If tool_results is required, adjust:

 summary = TurnSummary(
     llm_response=...,
-    tool_calls=[],
-    rag_chunks=rag_chunks,
+    tool_calls=[],
+    tool_results=[],
+    rag_chunks=rag_chunks,
 )

Also applies to: 887-891


915-942: Fix “attatchment” typo in validation error messages.

The error messages in validate_attachments_metadata still contain the typo:

"Invalid attatchment type ..."
"Invalid attatchment content type ..."

This was previously flagged. Update to:

-            message = (
-                f"Invalid attatchment type {attachment.attachment_type}: "
+            message = (
+                f"Invalid attachment type {attachment.attachment_type}: "
@@
-            message = (
-                f"Invalid attatchment content type {attachment.content_type}: "
+            message = (
+                f"Invalid attachment content type {attachment.content_type}: "

This improves API error clarity and keeps tests/docs consistent.

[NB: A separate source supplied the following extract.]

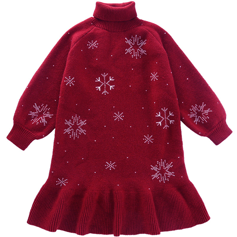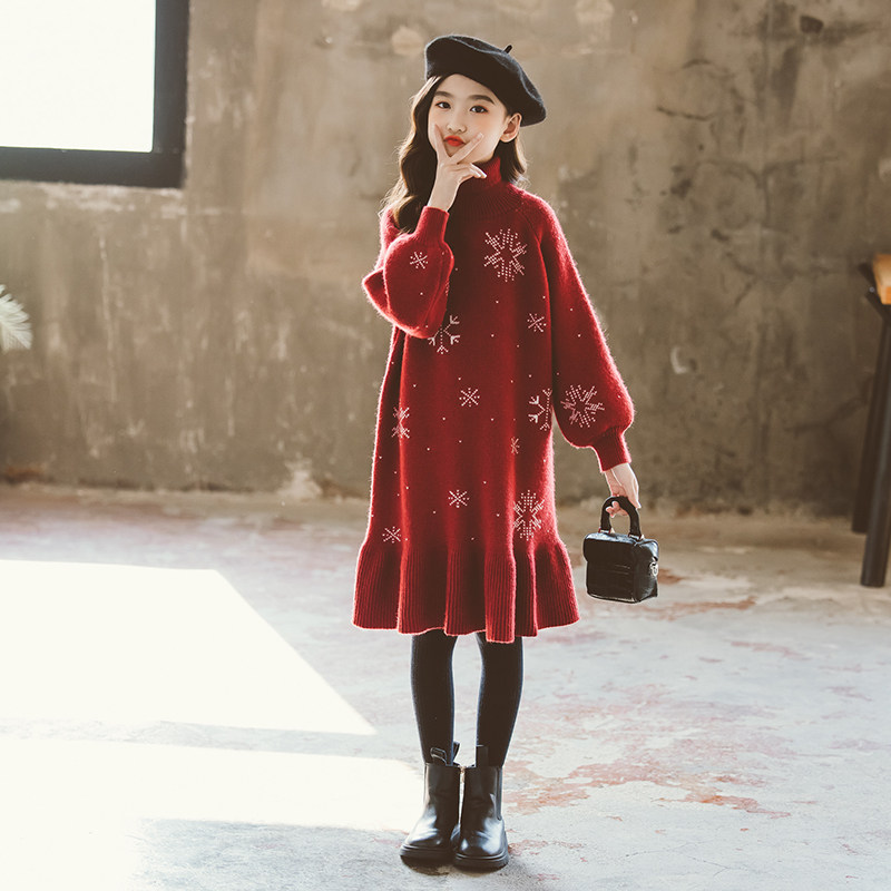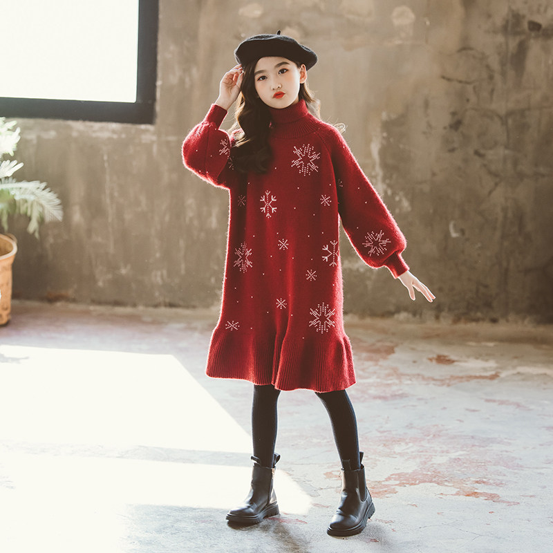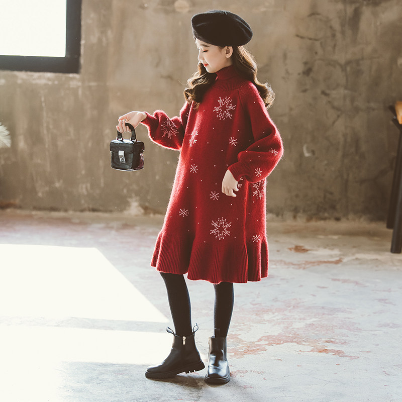 女童毛衣连衣裙2024新款秋装加厚宝宝针织衫中大童秋冬高领长裙子
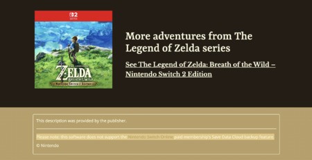 You'll find the same message at the bottom of Nintendo's Donkey Kong Bananza listing, and the original poster claimed it could also be found on the Breath of the Wild and Super Mario Party Jamboree Nintendo Switch 2 Edition pages, but it seems to have been removed now. Hmm.

766-826: Fix vector IO params typing, logging, and exception message formatting in retrieve_response.

Issues in this block:

  • params = {"k": 5, "score_threshold": 0.0} is inferred as dict[str, float], which doesn’t match the more general dict[str, bool | float | str | Iterable | object | None] expected by vector_io.query (mypy error).
  • Logging uses f-strings with potentially large query_response payloads at INFO level (may leak content and is noisy).
  • Exception logging uses f-strings inside logger methods (logger.info(f"...")) instead of %s formatting (style, not correctness).

Suggested cleanup:

-            params = {"k": 5, "score_threshold": 0.0}
-            logger.info(f"Initial params: {params}")
-            logger.info(f"query_request.solr: {query_request.solr}")
+            params: dict[str, Any] = {"k": 5, "score_threshold": 0.0}
+            logger.info("Initial params: %s", params)
+            logger.info("query_request.solr: %s", query_request.solr)
@@
-                params["solr"] = query_request.solr
-                logger.info(f"Final params with solr filters: {params}")
+                params["solr"] = query_request.solr
+                logger.info("Final params with solr filters: %s", params)
@@
-            logger.info(f"Final params being sent to vector_io.query: {params}")
+            logger.info("Final params being sent to vector_io.query: %s", params)
@@
-            logger.info(f"The query response total payload: {query_response}")
+            logger.debug(
+                "Vector IO query returned %d chunks",
+                len(query_response.chunks) if query_response.chunks else 0,
+            )
@@
-    except Exception as e:
-        logger.warning(f"Failed to query vector database for chunks: {e}")
-        logger.debug(f"Vector DB query error details: {traceback.format_exc()}")
+    except Exception as e:
+        logger.warning("Failed to query vector database for chunks: %s", e)
+        logger.debug("Vector DB query error details: %s", traceback.format_exc())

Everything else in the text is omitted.